ADAS research vehicle acts as living lab to analyse USA road data

A fleet of vehicles is available with test equipment for performing research into Advanced Driver Assist Systems, improving workflow and data management

National Instruments (NI) is deploying a fleet of vehicles in Europe, the United States and China that will enable ADAS and Autonomous Driving engineering teams to address top challenges related to data volume, quality, access and utilisation.

The deployment by NI is taking place along with partner companies, all of whom were involved in equipping the vehicles with high-performance in-vehicle data recording and storage systems, primarily from NI and Seagate Technology.
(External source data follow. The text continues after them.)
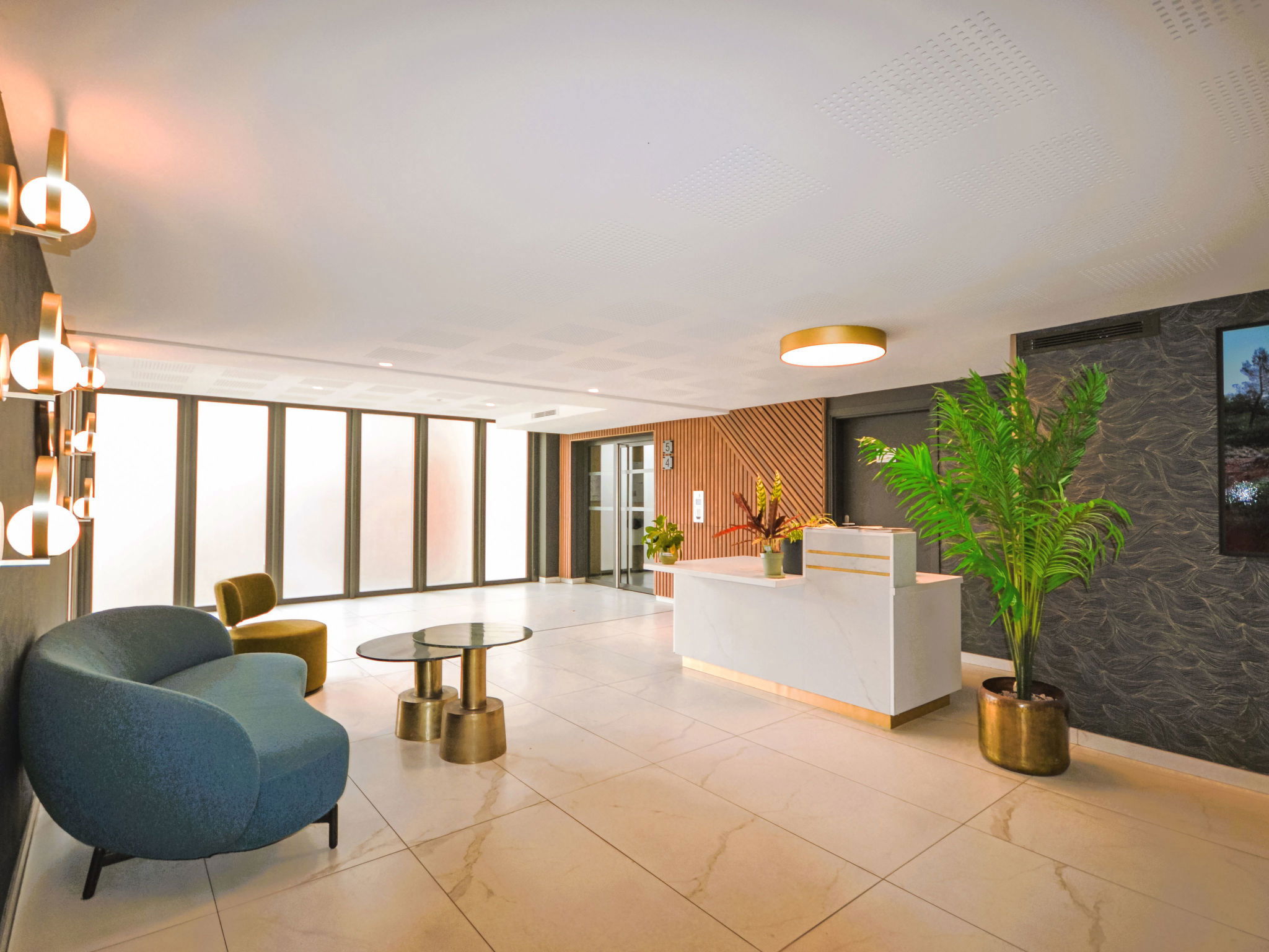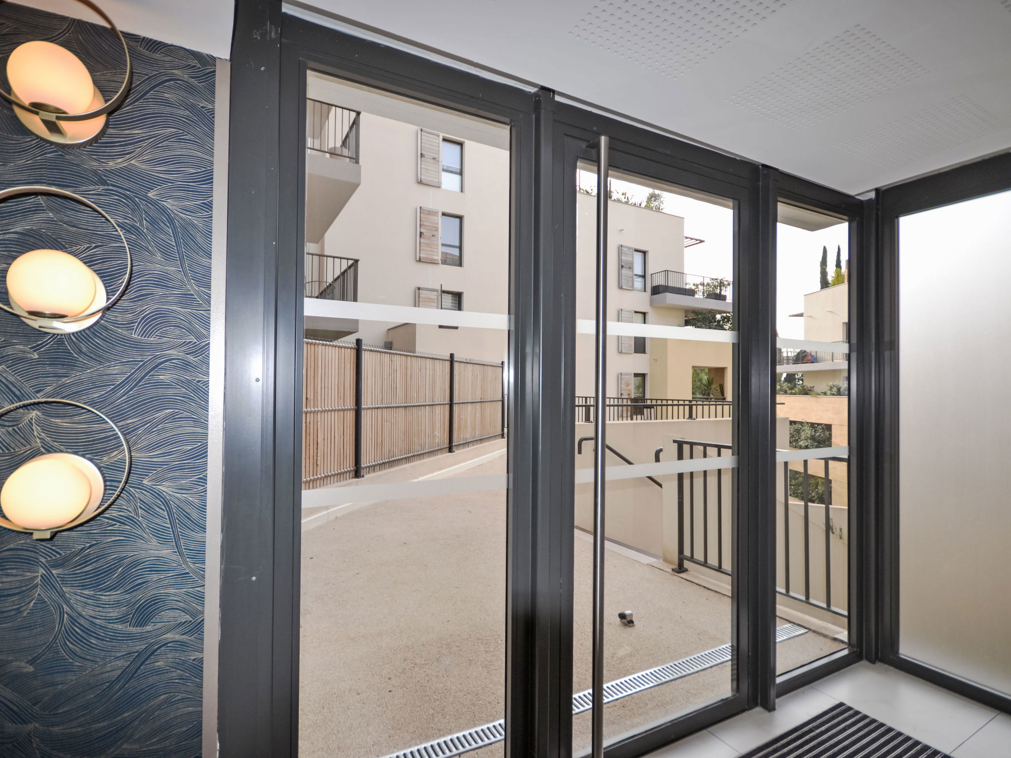 Beautiful residence "Pigonnet", 4 storeys, built in 2021, surrounded by trees. In the resort 2 km from the centre of Aix en Provence, residential area (villas), excellent location: right in the centre but still quiet, 25 km from the sea, south facing position. For shared use: park 3'200 m2 (fenced), lawn and trees, swimming pool angular fenced (10 x 10 m, depth 150 - 170 cm, seasonal availability: 30.May. - 30.Sep. pool opening hours: 09:00-21:00). Pool maintenance by the owner/gardener. In the complex: reception, fitness room. Airport transfer (extra). Single garage. Grocery 900 m, restaurant 450 m, bakery 1 km, café 850 m, bus stop "Le Pigonnet" 300 m, railway station 2.1 km, sandy beach "Plage de l'Estaque" 25 km, diving center 2.6 km, thermal baths "Spa Sextus" 1.7 km, lake de Bimont 11 km. Sports harbour 32 km, golf course (18 hole) 3.5 km, tennis 2.6 km, riding stable 1.8 km, walking paths from the house 4.3 km, children's playground 2.4 km. Nearby attractions: Fontaine de la Rotonde 1.1 km, Casino 650 m, Parc Saint Mitre 2.2 km, Cours Mirabeau 2.2 km, Parc Animalier de la Barben 26 km, Musée du Pavillon Vendôme 2.2 km. Well-known lakes can easily be reached: Lac Zola 7.4 km. Hiking paths: Montagne Sainte Victoire 20 km, Massif du Luberon 40 km, Calanques de Cassis 40 km. Residence with electric gates.
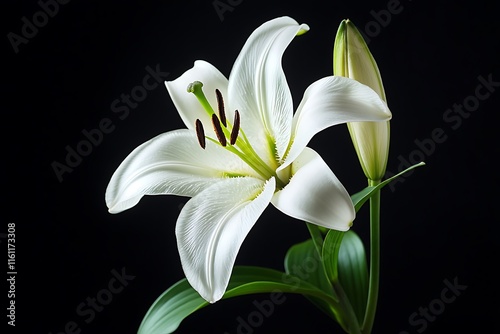 © MdArshed, Obraz premium White lily flower with green leaves isolated on black background
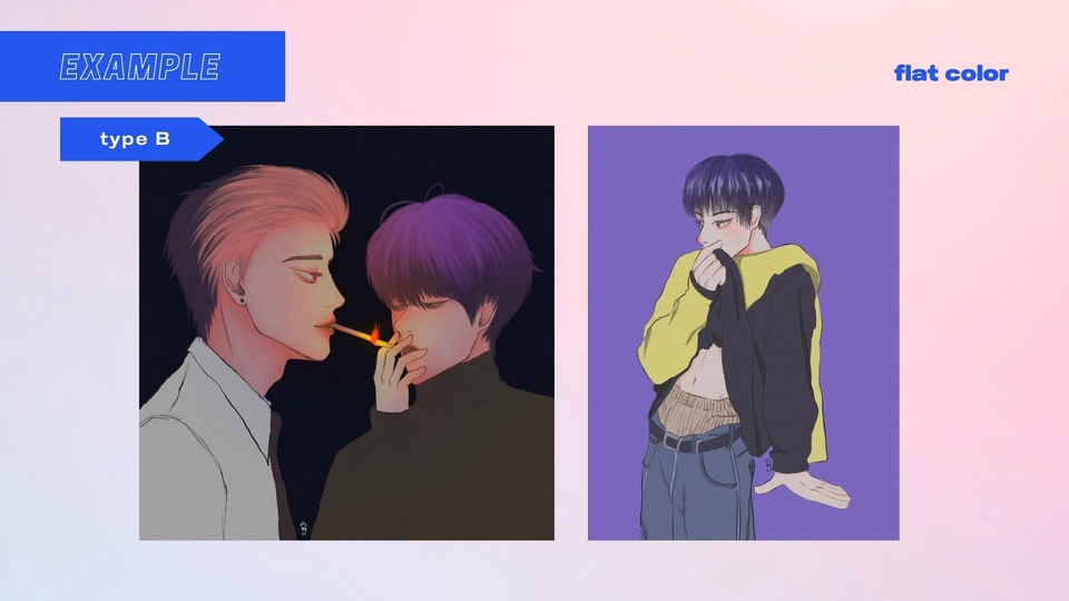 ·͜·♡ สามารถสอบถามพูดคุยรายละเอียดก่อนใช้บริการได้ค่ะ how to order 1. ส่งบรีฟหรือรายละเอียดที่ต้องการให้วาด (ถ้าละเอียดมากยิ่งดีค่ะ) — ระบุวัตถุประสงค์ที่จะเอาไปใช้งาน — ระบุโทนสีของงาน ,ข้อความ(ถ้ามี), ท่าทาง ,สีหน้า (หากมีref ส่งแนบมาได้เลยค่ะ) — ระบุขนาดและไฟล์ภาพที่ต้องการ (.jpg/.psd /.png /.ai/อื่น ๆ สอบถามได้) — ระบุ Deadline ของงาน 2. รับบรีฟและพูดคุยรายละเอียดเกี่ยวกับงานอย่างครบถ้วน 3. เริ่มร่างแบบ (แก้ไขแบบร่างได้ 3 ครั้ง) 4. เริ่มงานFinal (แก้ไขได้ 3 ครั้ง หากมีแก้ไขเพิ่มเติมคิด 50 THB/ครั้ง) 5. ส่งผลงานเพื่อให้ลูกค้าตรวจสอบความเรียบร้อย รายละเอียดราคาเพิ่มเติม ราคาเริ่มต้น 400 THB (ลงสีพื้น, พื้นหลังใส) — เพิ่มตัวละคร (350 THB / ตัวละคร) — เพิ่มฉากหลัง เริ่มต้น 150 THB — เพิ่มพร็อพอื่นๆ เริ่มต้น 80 THB — เชิงพาณิชย์ ราคา x2 (หรือตามตกลง) ไฟล์ที่ได้รับ : - .png / .jpg / .psd - (ในกรณีไม่ได้แจ้งขนาดที่ต้องการ) ขนาด 3000x4000 pixel 300 dpi ขั้นตอนการทำงาน 1. ส่งบรีฟหรือรายละเอียดที่ต้องการให้วาด (ถ้าละเอียดมากยิ่งดีค่ะ) 2. รับบรีฟและพูดคุยรายละเอียดเกี่ยวกับงานอย่างครบถ้วน 3. เริ่มร่างแบบ (แก้ไขแบบร่างได้ 3 ครั้ง) ระยะเวลา 5 - 7 วัน 4. เริ่มงานFinal (แก้ไขได้ 3 ครั้ง หากมีแก้ไขเพิ่มเติมคิด 50 THB/ครั้ง) 7 - 14 วัน 5. ส่งผลงานเพื่อให้ลูกค้าตรวจสอบความเรียบร้อย
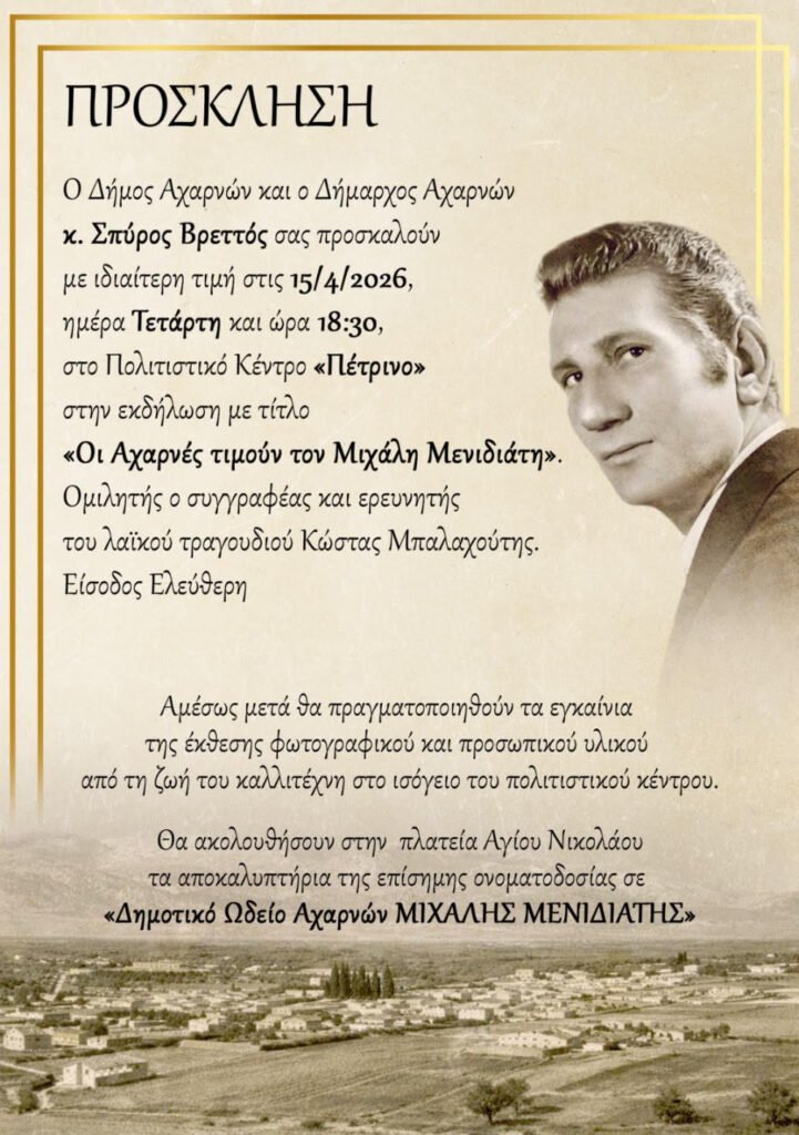 Μια ιδιαίτερα σημαντική πολιτιστική εκδήλωση πρόκειται να πραγματοποιηθεί την Τετάρτη 15 Απριλίου 2026 στις 18:30, στο Πολιτιστικό Κέντρο «Πέτρινο», με πρωτοβουλία του Δήμου Αχαρνών και του Δημάρχου Σπύρου Βρεττού. Η εκδήλωση, με τίτλο «Οι Αχαρνές τιμούν τον Μιχάλη Μενιδιάτη», αποτελεί έναν ελάχιστο φόρο τιμής σε έναν από τους σημαντικότερους εκπροσώπους του λαϊκού τραγουδιού.
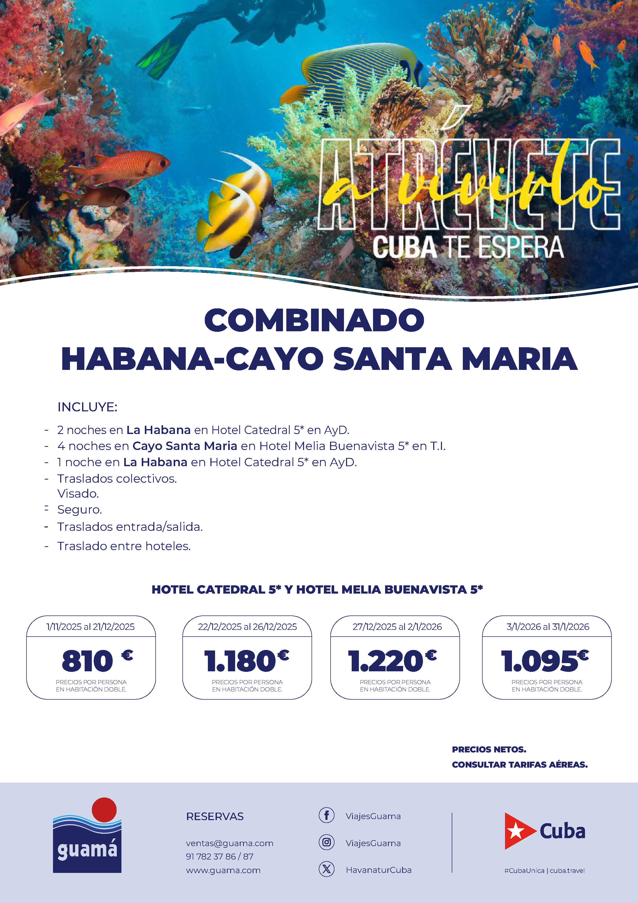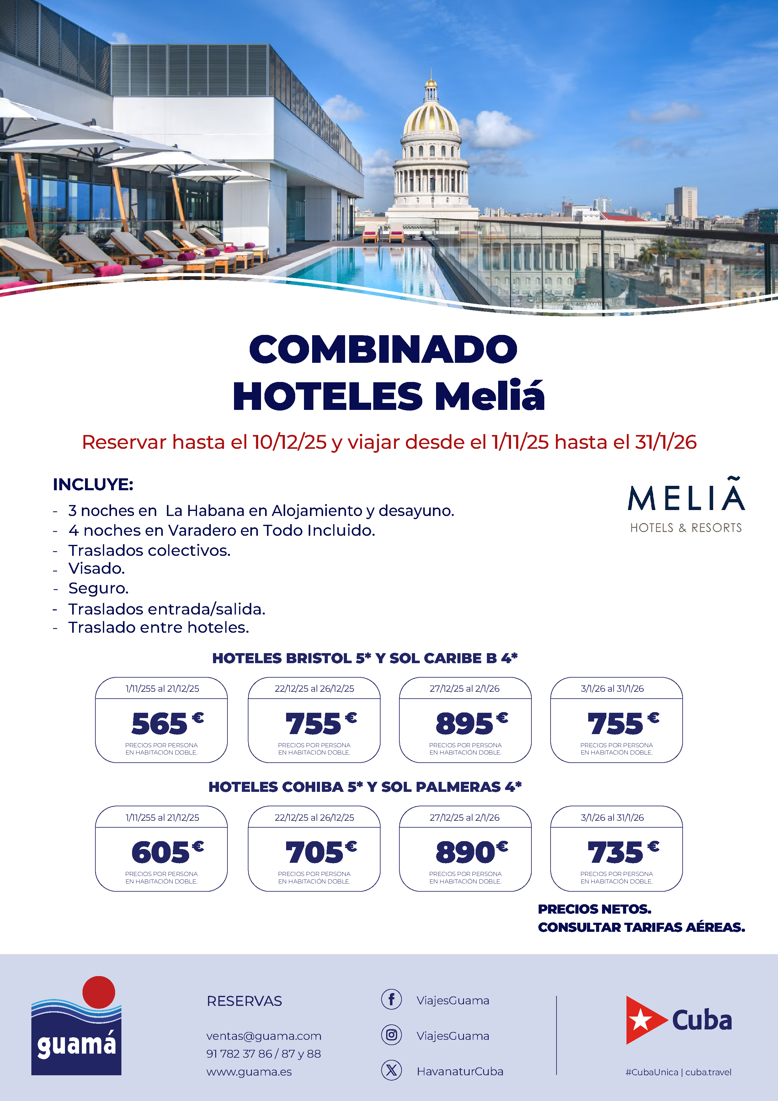 En Guamá somos especialista en Cuba desde hace treinta años. Tenemos receptivo propio en La Isla y trabajamos día a día para ofrecer el mejor servicio. Ponemos nuestras ofertas a tu disposición, para que hagas realidad las Vacaciones en Cuba que tus clientes estaban soñando.

In addition, integration services from ADAS experts Konrad Technologies and VSI Labs were used. The collaboration further enables a connected workflow by combining best-in-class technologies across the global supply chain.

Safe Autonomy

Ensuring the safe operation of all levels of automated driving is a very important driver of consumer adoption and acceptance of the technology. In addition, engineering teams struggle with the need for vast amounts of high-quality data to train, test and ensure higher validation test coverage of their perception algorithms and hardware.

According to Drita Roggenbuck, senior vice president and general manager at NI, ADAS data recording is one of the most complex challenges for the ADAS and AD community, as data from multiple sensor modalities (camera, radar, lidar, ultrasonics, infrared, IMUs/INS, GNSS and vehicle networks) must be logged synchronously and analysed together to train and validate the performance of safety functions and features.

“We are excited to team up with other companies involved in the development of ADAS and AD technology to provide a method of overcoming this challenge and bringing the promise of autonomous driving more safely and more quickly to the road,” explains Roggenbuck.

Melyssa Banda, vice president of Lyve Mobile Solutions at Seagate Technology further explains that the strategic partnership with NI has opened up tremendous opportunities for Seagate to take part in this meaningful project.

“We are excited about the amount of data the research vehicles will collect, which will help take our joint ADAS systems with NI to the next level,” she explains.
Sensor Data Recording

Through this initiative, NI and its collaborators will research, develop and demonstrate their capabilities involved in recording high-quantity and high-quality sensor data in the field, efficient data movement via data transfer services and increased data utilisation for training, analysis and validation of algorithms in the lab.

Michael Konrad of Konrad Technologies explains that the collaboration represents a great step forward for the development of the PXI high-performance data-logging system. Synchronized collecting of real-world scenario data from several sensors and vehicle ADAS ECUs is essential to improve the performance of autonomous driving vehicles.

“This data can be used for the data replay to ADAS ECUs to test perception algorithms and to improve the overall performance,” he says.

This initiative builds on the existing work between NI, Seagate Technology and Konrad Technologies, and announces a new collaboration with US-based ADAS research firm, VSI Labs. VSI Labs will conduct research while driving their ADAS recording-equipped vehicle across the United States in an effort to improve the use of data across the entire ADAS an AD engineering workflow. The data collected on the road will also help NI and these companies further evolve their joint approaches, ranging from data recording, simulation, digital twins and hardware-in-the-loop testing.

“VSI is thrilled to be partnering with NI to test and validate their ADAS technology. Collecting data across a diverse range of scenarios throughout the Drive Series is crucial to furthering ADAS and AD applications, and we’re looking forward to hitting the road,” concludes Phil Magney, founder and president of VSI Labs.